In 1963, President Kennedy defended a federal dam project that had been criticized as pork barrel spending by saying that "a rising tide lifts all the boats." That is, Kennedy was asserting that general economic improvement is good for everybody in the economy. According to Wikipedia, the phrase was co-opted years later by both Democrats and Republicans alike who champion free market policies which obviously benefit the rich, but do not so clearly help everybody else. Indeed, this phrase about boats and tides describes well US conventional wisdom on economics, you know, "Wall Street is Main Street" and other such claptrap.

In other words, everybody who matters, as far as managing the economy goes, believes that helping the big boys is the same as helping the entire country. I mean, Democrats aren't quite as dogmatic about it as Republicans, who never saw a tax cut for the rich they didn't like, but this kind of thinking is widespread and common in Washington. The rhetoric is big on Wall Street, too, but I don't think anybody there gives a shit one way or the other whether their fortunes translate into general prosperity--that is, they give lip service to the idea, but probably don't believe it.

Whatever. The point here is that the financial sector, a bunch of middlemen who perform a very valuable service for the overall economy, have used their unique position as guardians of the nation's wealth to bleed the country dry. I'm not sure how "41 percent of domestic corporate profits" translates into percentage of GDP, but you can be sure it's a large number. If you subscribe to the conventional wisdom, soaring corporate profits can do nothing but boost the economy. As the excerpt above observes, however, the financial sector doesn't really produce anything. I mean, yeah sure, financing business ventures, brokering loans and other deals that allow companies that actually create things to expand and hire more people, that's actually a worthwhile service, one that has profoundly important ramifications for millions of real Americans. But in the end, they're just a bunch of middlemen. And they've used their place in the middle of the business world to suck much more money out of the system than they're actually worth, and that money does nothing but build mansions and buy yachts.
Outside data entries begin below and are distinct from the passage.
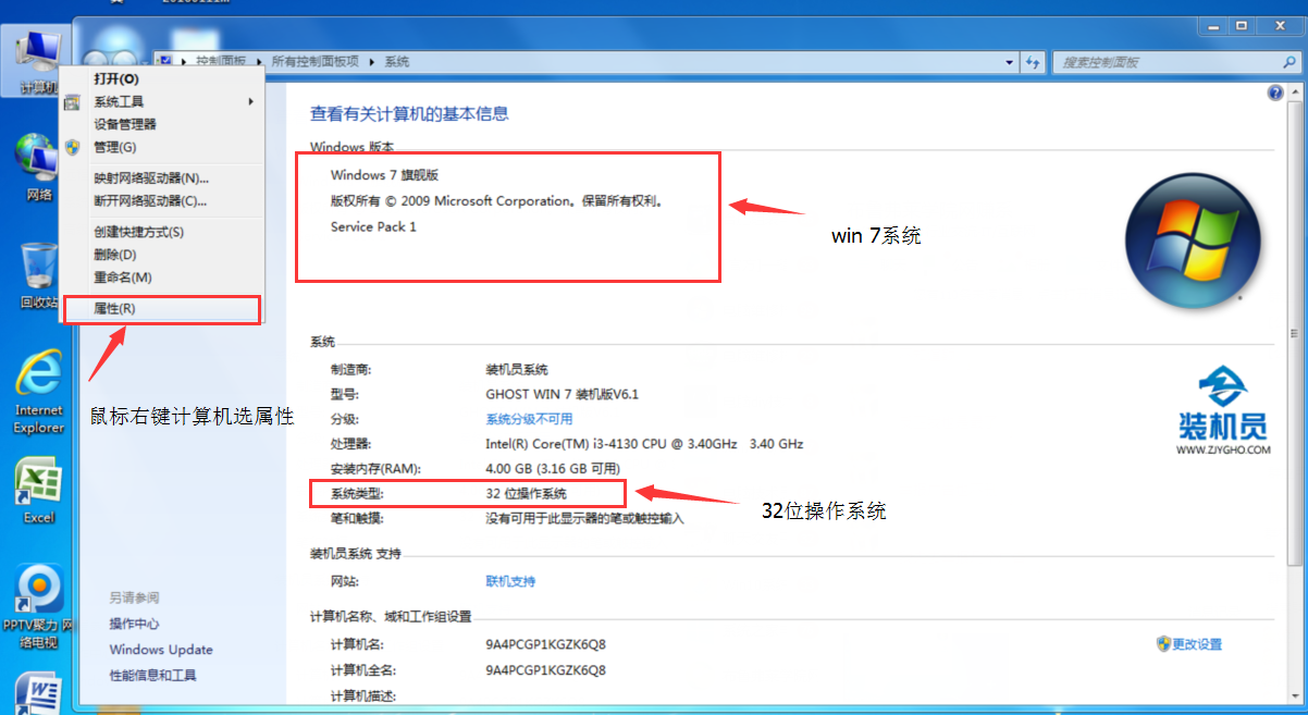 4、接下来配置补丁信息,配置补丁信息要前请仔细核对程序、系统、补丁文件版本是否统一,小编的是win7 32位的系统,查程序、系统版本方法,直接在计算机右键属性就可以看到,如下图所示;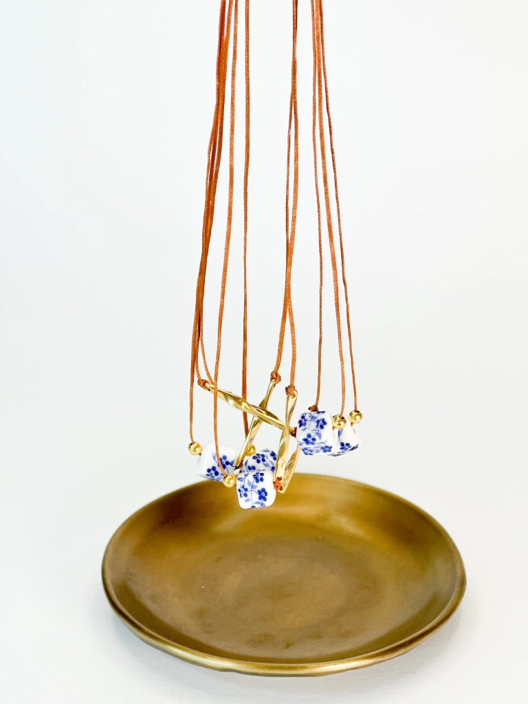 Martyrdom necklace with waxed cord, cross and porcelain floral bead. The photos have been edited, the colors may differ slightly in reality.
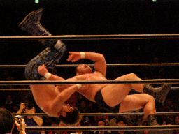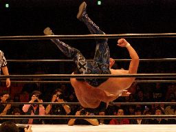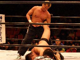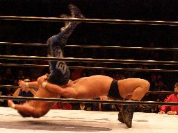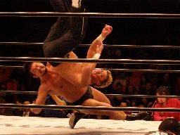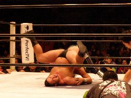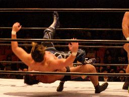 中西アルゼンチンバックブリーカー、KAMIKAZE着地して逆さ押さえ込み(右写真)、カウント2。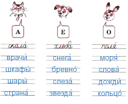 М_ря́, сл_ва́, сн_га́, бр_вно́, п_ля́, д_жди́, вр_чи́, сл_за́, шк_фы́, ш_ры́, зв_зда́, к_льцо́, стр_на́, хл_ба́.

Economists talk about how, in developing nations, bribery, of petty officials, cops, and others with power, sucks money out of local economies, which would be much better spent for legitimate business purposes. They call it "corruption," and it is believed to be one of the main reasons that poor countries remain poor. It's why organized crime taking payoffs from businesses they intimidate can slow economic development to a standstill. But when the financial sector does the same thing in the US, it's somehow supposed to be good for the economy. Go figure. Personally, I can't see the difference.

Finance in the US has gone far, far beyond its actual usefulness and is now a counterproductive drain on the overall economy. The financial sector sucks in buttloads of money which is then not used for any productive purpose. Sure, they deserve to be paid for their services, but this is nothing short of a shakedown. Clearly, a rising tide does not lift all the boats. Indeed, in this case, a rising tide actually lowers the tide. And our leaders in Washington are on the take.

We really are looking more and more like The Godfather or Goodfellas everyday.